» **Task to carry out**: Could you restate all of the records below exactly, with the pictures left out?

Source data:

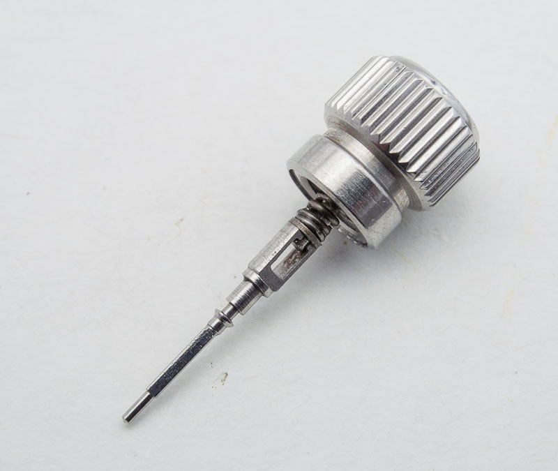 The crown and stem on these dive watches are a two part affair, with the stem moving against a spring, which as you can see looked in a bit of a sorry state
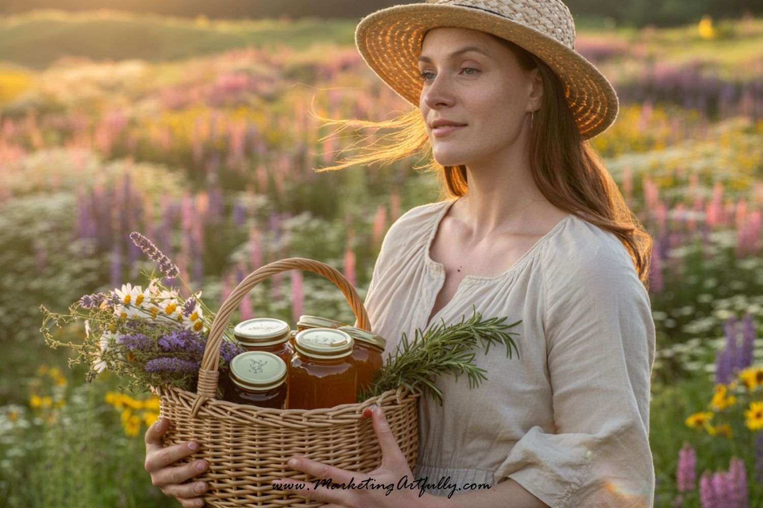 Your products should reflect a cozy, nature-loving lifestyle. Think handmade soaps, wax seals with bee motifs, wildflower stickers, gingham printables, and digital wall art with gentle quotes.
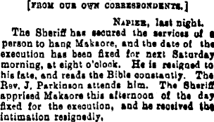 [from our OWN CORRXSFONDINM. j Napier, last night. The Sheriff has secured the services of a person to bang Makaore, and the date ot the execution has been fixed for next Saturday morning, at eight o’clock. Ho io rosigntd to his fate, and reads the Bible constantly. The Rav. J. Parkinson attends him. Th. Sb.riff apprised Makaore this afternoon of the day fixed for the execution, and he received th* intimation resignedly,
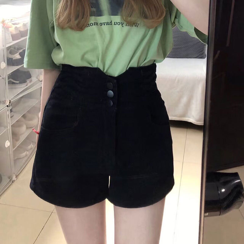 데님 반바지 여성의 새로운 V 자형 슈퍼 하이 허리 디자인 버클 블랙 인 스타일 핫 걸스 슬림 핏 스트레이트 핫 팬츠 여름스토어 가기
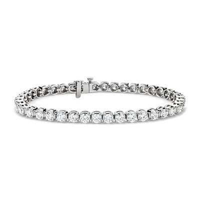 Brilliance defined, this diamond tennis bracelet features brilliant cut round diamonds set in a four-prong straight line design of 18k white gold.
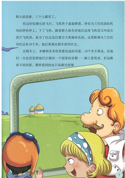 经过好似漫长的飞行,飞机终于盘旋降落,停在乌兰巴托国际机场的停机坪上。下了飞机,路易斯大叔告诉他们这座飞机场又叫成吉思汗飞机场,是为了纪念这位蒙古大英雄命名的。这里距离乌兰巴托市区还有18千米,他们要乘出租车到市区去。
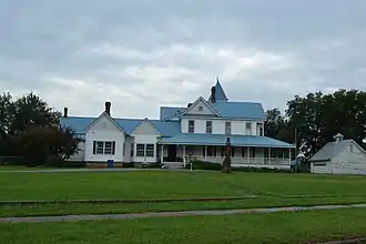 Named for its builder and first owner, the colorful J. J. McAlester, for whom McAlester was named, it began in 1870 as a four-room log house. At the time, it was located in Tobucksy County, Choctaw Nation, in the Indian Territory.[2] J. J. McAlester later surrounded the log structure with a single-story house and also built a much larger two-story Queen Anne style house joined by a breezeway to the smaller structure. Its furnishings, many of which remain to this day, reflected the prosperity and position that the McAlester family enjoyed in the community. The building was renovated in 1960 by J. L. McAlester, grandson of J. J. McAlester. In 1980, McAlester House was added to the National Register of Historic Places.[1][3]
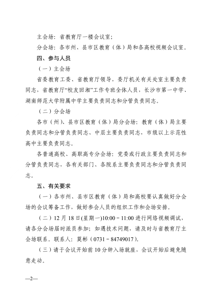 关于召开推进“校友回湘”工作全省教育系统内部通气会的通知
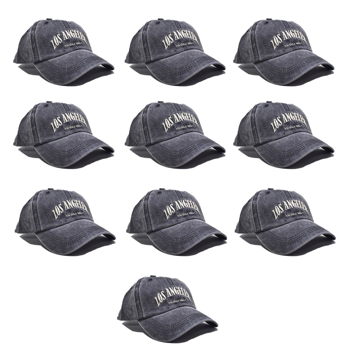 Contiene diez gorras gastadas y bordadas de un mismo modelo.
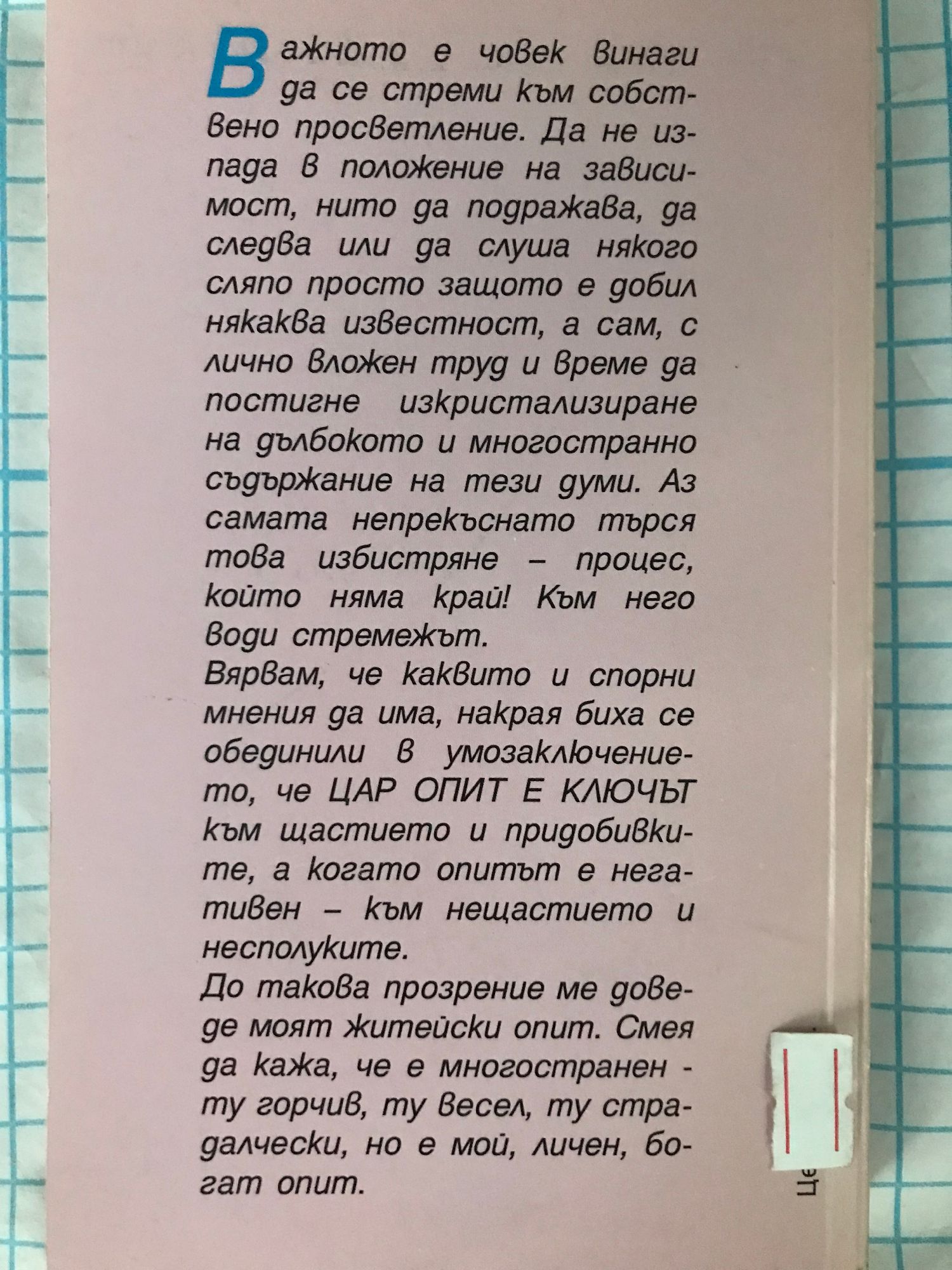 Важно е човек винаги да се стреми към собствено просветление. Да не изпада в положение на зависимост, нито да подражава, да следва или да слуша някого сляпо просто защото е добил някаква известност, а сам, с лично вложен труд и време да постигне изкристализиране на дълбокото и многостранно съдържание на тези думи. Аз самата непрекъснато търся това избистряне - процес, който няма край! Към него води стремежът.

» **Reply**:
 The crown and stem on these dive watches are a two part affair, with the stem moving against a spring, which as you can see looked in a bit of a sorry state
 Your products should reflect a cozy, nature-loving lifestyle. Think handmade soaps, wax seals with bee motifs, wildflower stickers, gingham printables, and digital wall art with gentle quotes.
 [from our OWN CORRXSFONDINM. j Napier, last night. The Sheriff has secured the services of a person to bang Makaore, and the date ot the execution has been fixed for next Saturday morning, at eight o’clock. Ho io rosigntd to his fate, and reads the Bible constantly. The Rav. J. Parkinson attends him. Th. Sb.riff apprised Makaore this afternoon of the day fixed for the execution, and he received th* intimation resignedly,
 데님 반바지 여성의 새로운 V 자형 슈퍼 하이 허리 디자인 버클 블랙 인 스타일 핫 걸스 슬림 핏 스트레이트 핫 팬츠 여름스토어 가기
 Brilliance defined, this diamond tennis bracelet features brilliant cut round diamonds set in a four-prong straight line design of 18k white gold.
 经过好似漫长的飞行,飞机终于盘旋降落,停在乌兰巴托国际机场的停机坪上。下了飞机,路易斯大叔告诉他们这座飞机场又叫成吉思汗飞机场,是为了纪念这位蒙古大英雄命名的。这里距离乌兰巴托市区还有18千米,他们要乘出租车到市区去。
 Named for its builder and first owner, the colorful J. J. McAlester, for whom McAlester was named, it began in 1870 as a four-room log house. At the time, it was located in Tobucksy County, Choctaw Nation, in the Indian Territory.[2] J. J. McAlester later surrounded the log structure with a single-story house and also built a much larger two-story Queen Anne style house joined by a breezeway to the smaller structure. Its furnishings, many of which remain to this day, reflected the prosperity and position that the McAlester family enjoyed in the community. The building was renovated in 1960 by J. L. McAlester, grandson of J. J. McAlester. In 1980, McAlester House was added to the National Register of Historic Places.[1][3]
 关于召开推进“校友回湘”工作全省教育系统内部通气会的通知
 Contiene diez gorras gastadas y bordadas de un mismo modelo.
 Важно е човек винаги да се стреми към собствено просветление. Да не изпада в положение на зависимост, нито да подражава, да следва или да слуша някого сляпо просто защото е добил някаква известност, а сам, с лично вложен труд и време да постигне изкристализиране на дълбокото и многостранно съдържание на тези думи. Аз самата непрекъснато търся това избистряне - процес, който няма край! Към него води стремежът.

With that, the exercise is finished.